Honestly, Right Speech and its prohibition on filling the air with needless chattering would probably be the hardest one for me. Also, I like the occasional curse word. But putting yourself into a meditative state, that’s useful, and it turns out that even before tuning and rightminding, people knew a little bit about how to hack their neurochemistry.
I settled myself in a convenient corner of the common cabin, folded myself into a comfortably fetal position, and sent myself into my breath. I’d been able to feel the pirate the last time I did this; maybe I could at least get a fix on her position again. Maybe if I calmed myself and observed the sensations from the parasite for a while, it would even tell me something I didn’t already know.

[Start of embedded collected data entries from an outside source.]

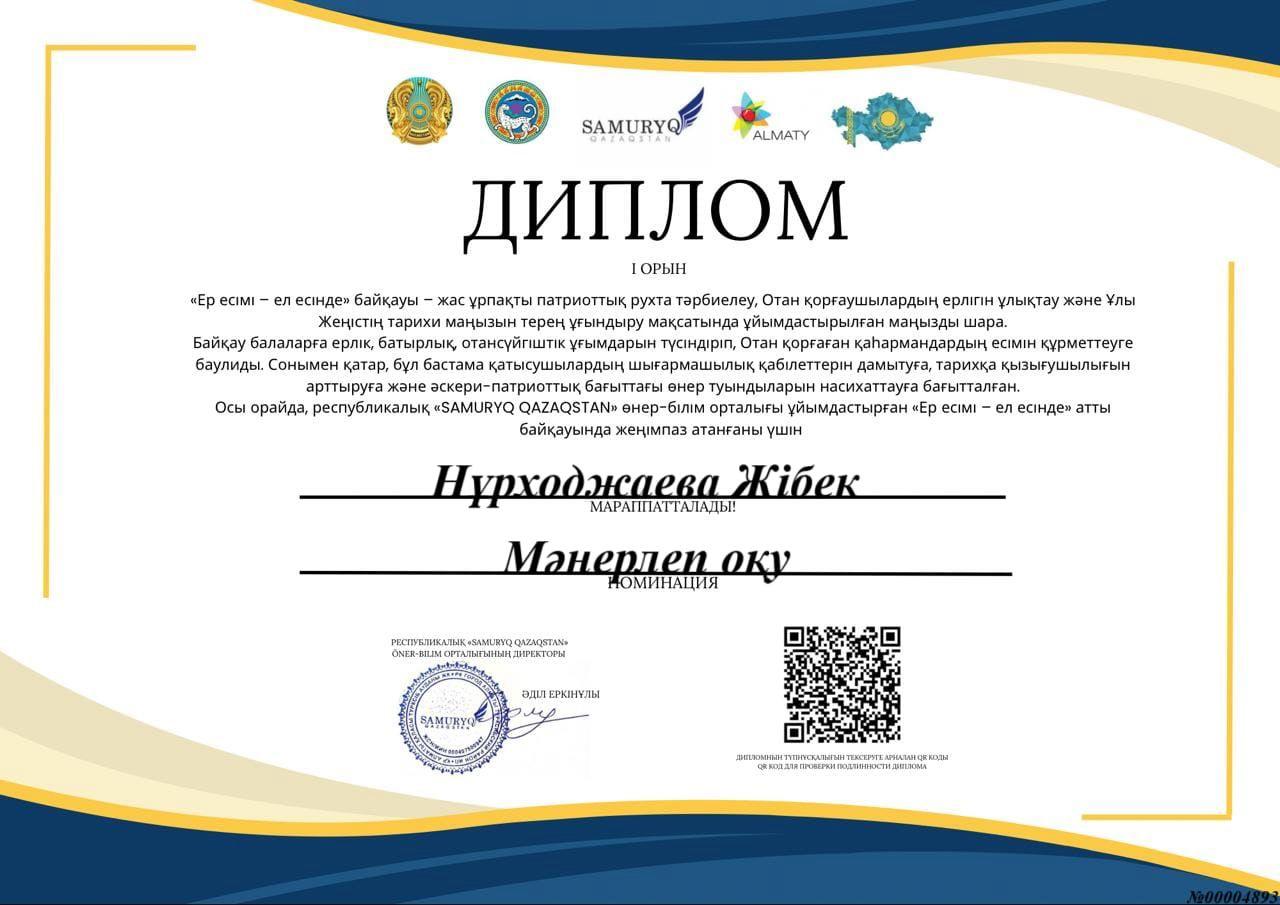 Учащиеся нашей школы приняли активное участие в республиканском конкурсе "Ер есімі-ел есінде" и заняли призовые места в различных номинациях награждены дипломами.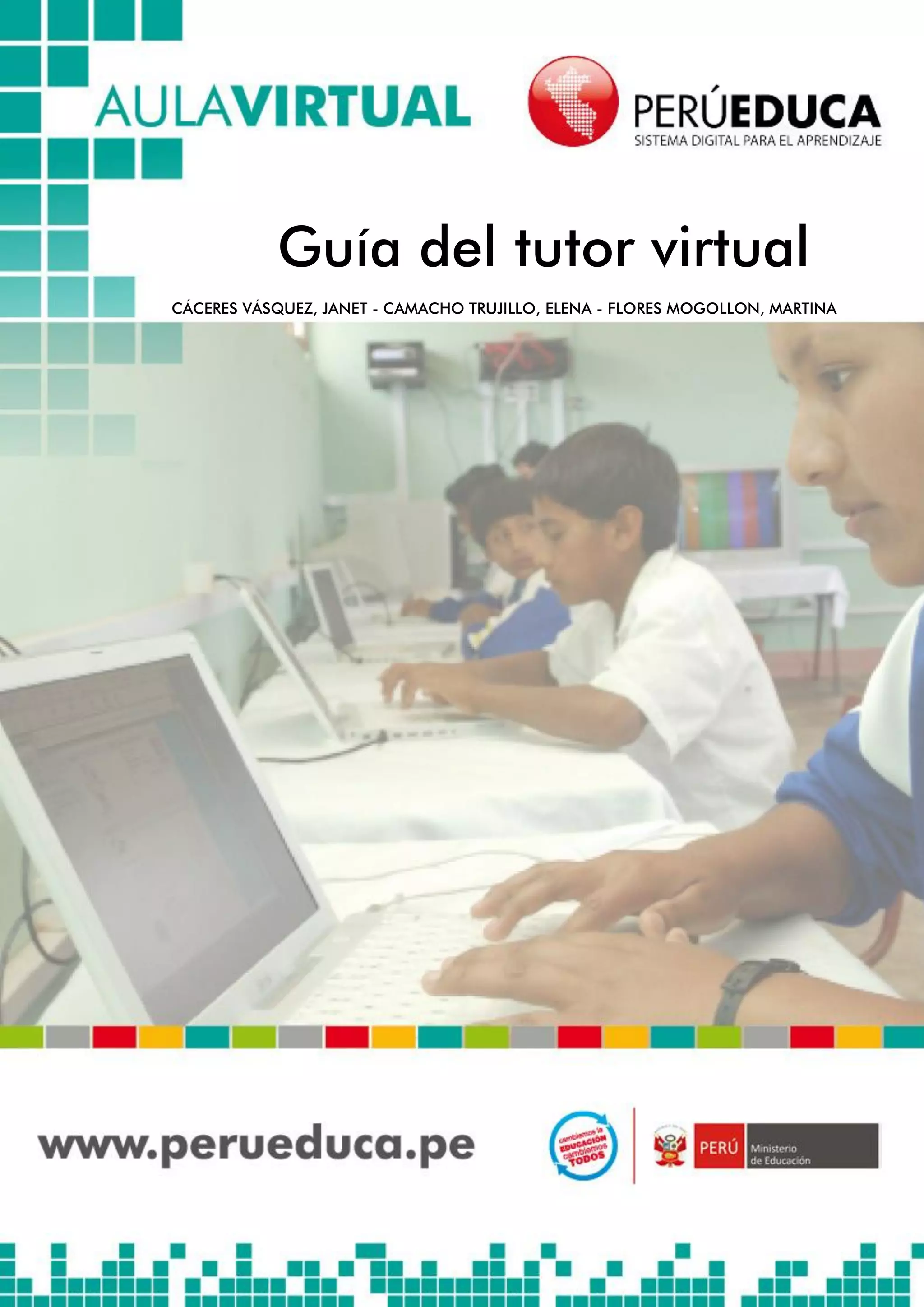 Este documento presenta una guía para tutores virtuales de un curso sobre el uso de Moodle como plataforma de aprendizaje. Explica la organización del curso en módulos y temas, el rol del tutor virtual, las herramientas de comunicación como correo electrónico y foros, y estrategias para resolver dudas, motivar a los estudiantes y realizar un seguimiento efectivo. Además, detalla un sistema de evaluación continua y un cronograma para las actividades del curso.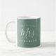 The future Mrs engagement gift coffee mug, a chic, modern and simple design with the text mrs in white elegant script on a dusty green background. Simply add your name and address. Exclusively designed for you by Happy Dolphin Studio. If you need any help or matching products please contact us at happydolphinstudio@outlook.com. We're happy to help you make your engagement party a wonderful event!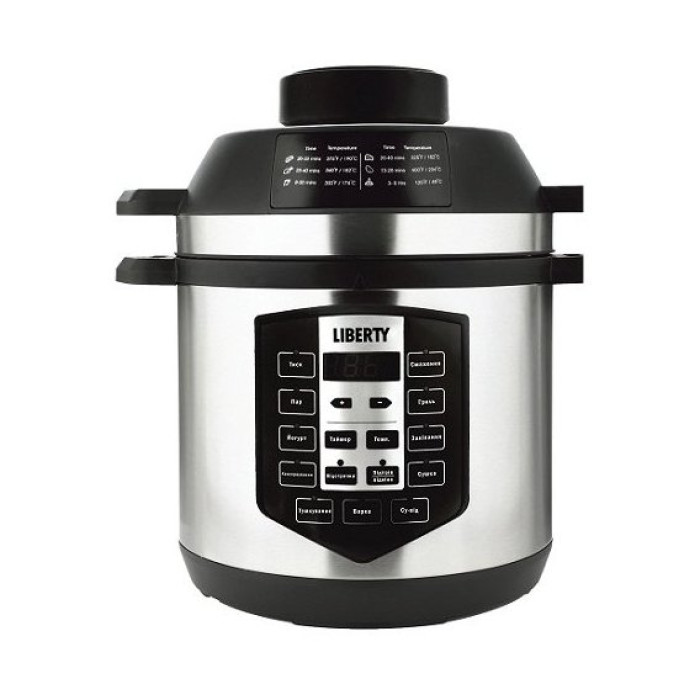 Liberty MC-1563 X - станет настоящим спасением для тех, кто ценит преимущества техники, сочетающей в себе несколько видов приборов. Она весьма функциональна, имеет классический дизайн. По сути, данное устройство – это скороварка, пароварка, сковорода, кастрюля, гриль, фритюрница и йогуртница в одном корпусе. Как и большая часть современных чаш для мультиварок, емкость данной модели имеет антипригарное покрытие. Управление посредством электронных кнопок и LED-дисплея простое и эргономичное, не вызывает никаких сложностей. На фронтальной панели расположены кнопки, на которых расписаны функции режимов.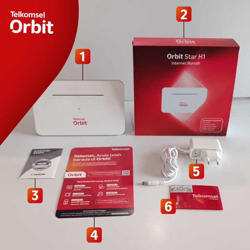 Termasuk dalam kemasan pembelian: - Modem Orbit Star H1 - Kartu SIM Orbit Telkomsel - Kartu panduan - Charger - Kartu garansi modem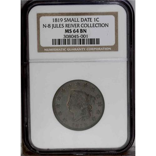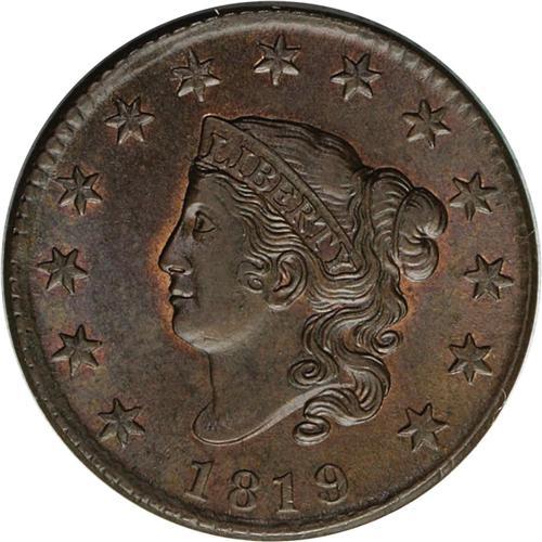 1819 1C Small Date. N-8, R.1. MS64 Brown NGC. AU55 EAC 1819[1C] Small Date. N-8, R.1. MS64 Brown NGC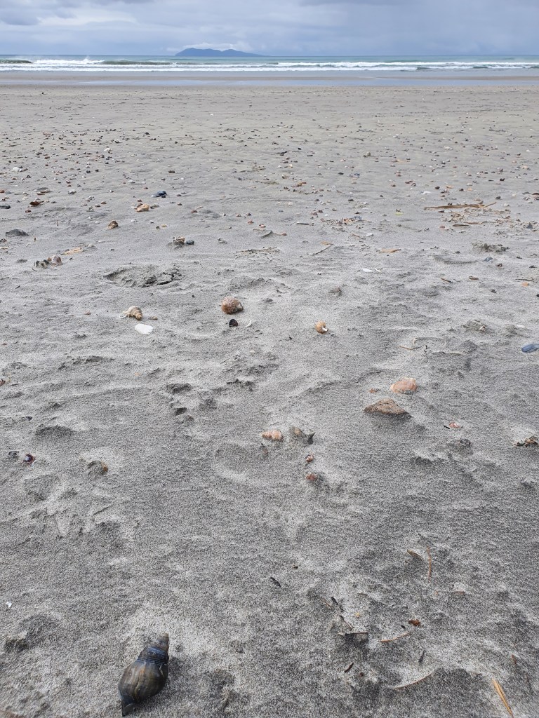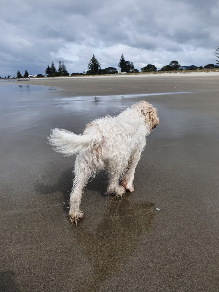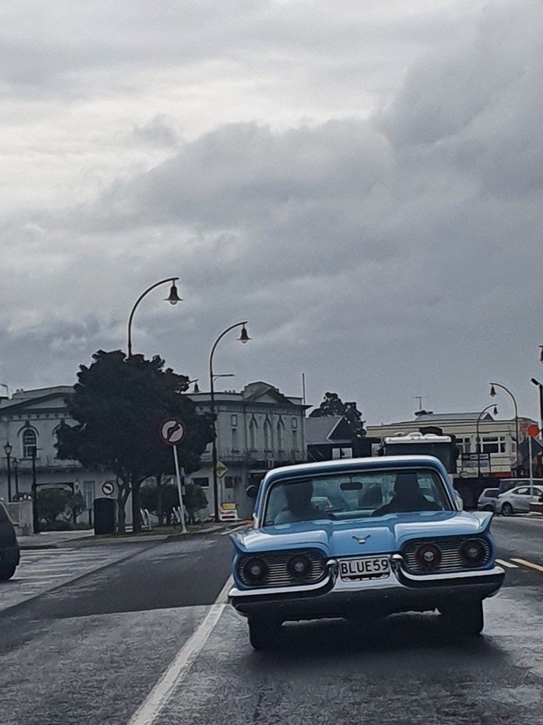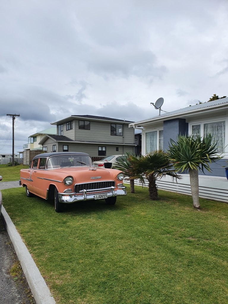 Piestājām arī Waihi pludmalē – iepazināmies ar suni, pasmaržojām brīvdabas kāpu pilsētas un nejauši izsekojām retro mašīnu no pilsētas līdz pat tās dzīves vietai.

I was out of other ideas, anyway.
It took a few moments to find my breath, but once I did I settled into the comfortable no-space inside myself pretty rapidly. As before, concentrating made the sensations of the parasite in my body stand out more strongly—not just as new, or alien, but as a sense I hadn’t previously known I had. Humans were pretty sense-poor, even among Terran species, but I imagined that my new facility was not unlike those species who were able to navigate by sensing a planet’s magnetosphere, or who had some kind of built-in echolocation.
It’s pretty common to visualize space-time via a wireframe projection, which is useful because it makes the concept of a “gravity well” and so forth intuitively obvious. If you’re a planetary, it’s like visualizing the landscape’s inclines via a topographic map. Of course, it’s also deceptive, for a couple of reasons.